Work task:
Produce one exact copy of the records, no pictures.

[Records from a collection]
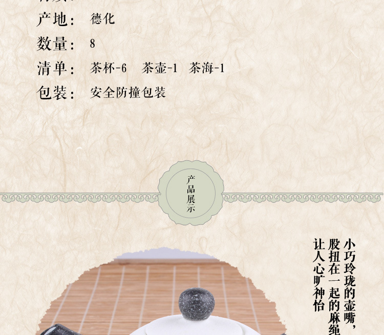 | 货号 | 123456 | 材质 | 陶瓷 | 产地 | 德化 |
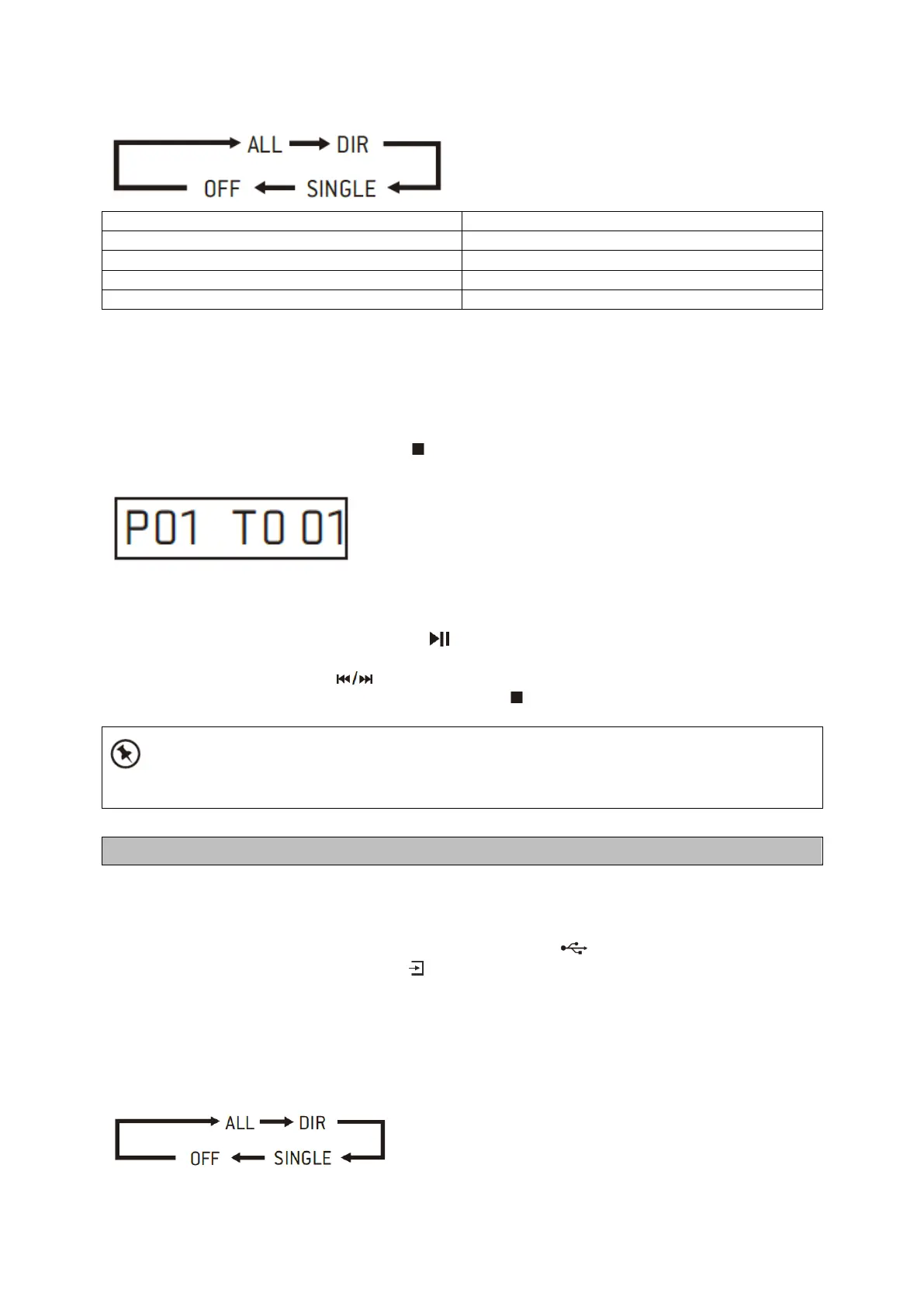 En mode USB, vous pouvez répéter la lecture d'un morceau (ONE) ou de plusieurs morceaux
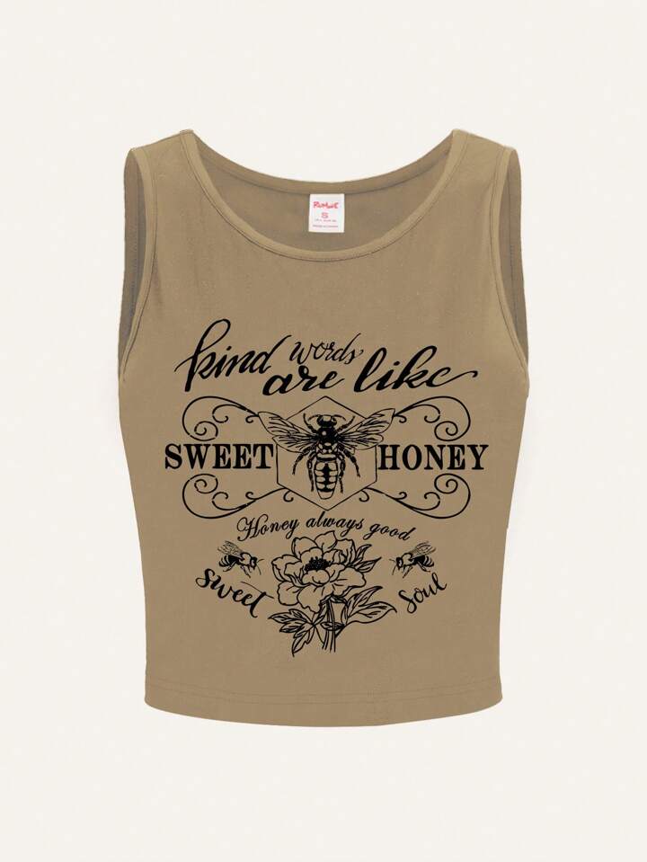 Goth لباس علوي تانك بطباعة أحرف
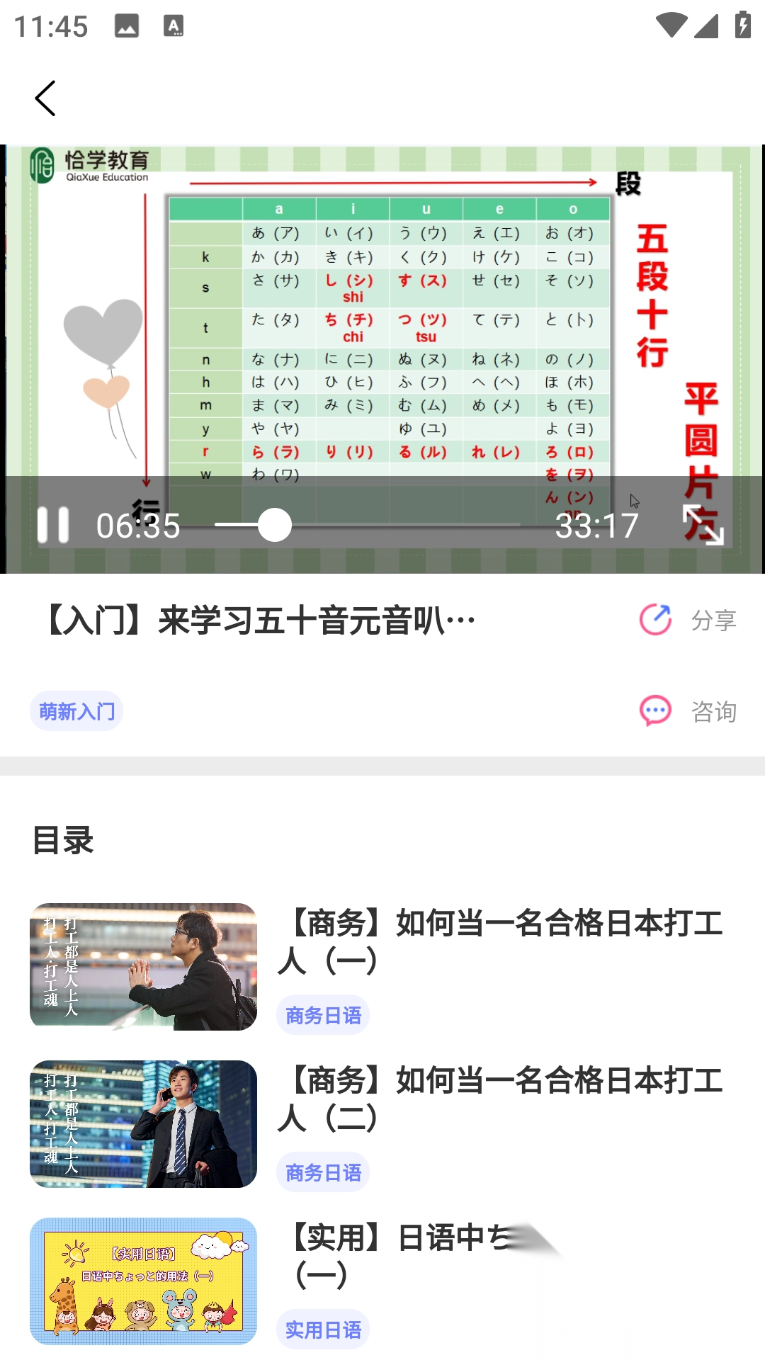 1、五十音图教学,包含真人发音示范和笔顺动画展示。
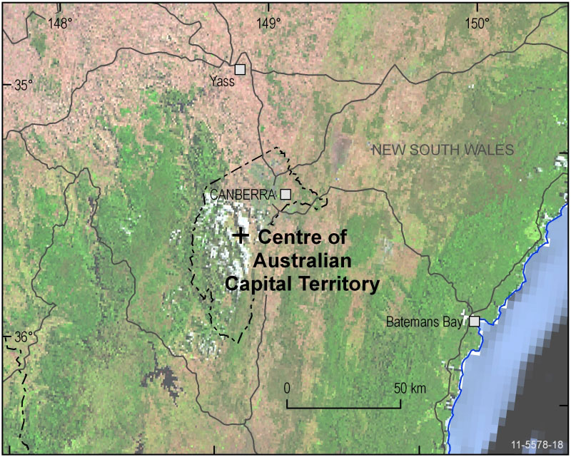 The centre of the Australian Capital Territory might be thought of as the former site of the Honeysuckle Creek Tracking Station, approximately 35km south-south-west of Canberra. The tracking station played a leading role in the NASA Apollo missions, closing in 1981 with the end of the Skylab program. The radio telescope was dismantled and relocated to Tidbinbilla in 1983.

Exercise result:
 | 货号 | 123456 | 材质 | 陶瓷 | 产地 | 德化 |
 En mode USB, vous pouvez répéter la lecture d'un morceau (ONE) ou de plusieurs morceaux
 Goth لباس علوي تانك بطباعة أحرف
 1、五十音图教学,包含真人发音示范和笔顺动画展示。
 The centre of the Australian Capital Territory might be thought of as the former site of the Honeysuckle Creek Tracking Station, approximately 35km south-south-west of Canberra. The tracking station played a leading role in the NASA Apollo missions, closing in 1981 with the end of the Skylab program. The radio telescope was dismantled and relocated to Tidbinbilla in 1983.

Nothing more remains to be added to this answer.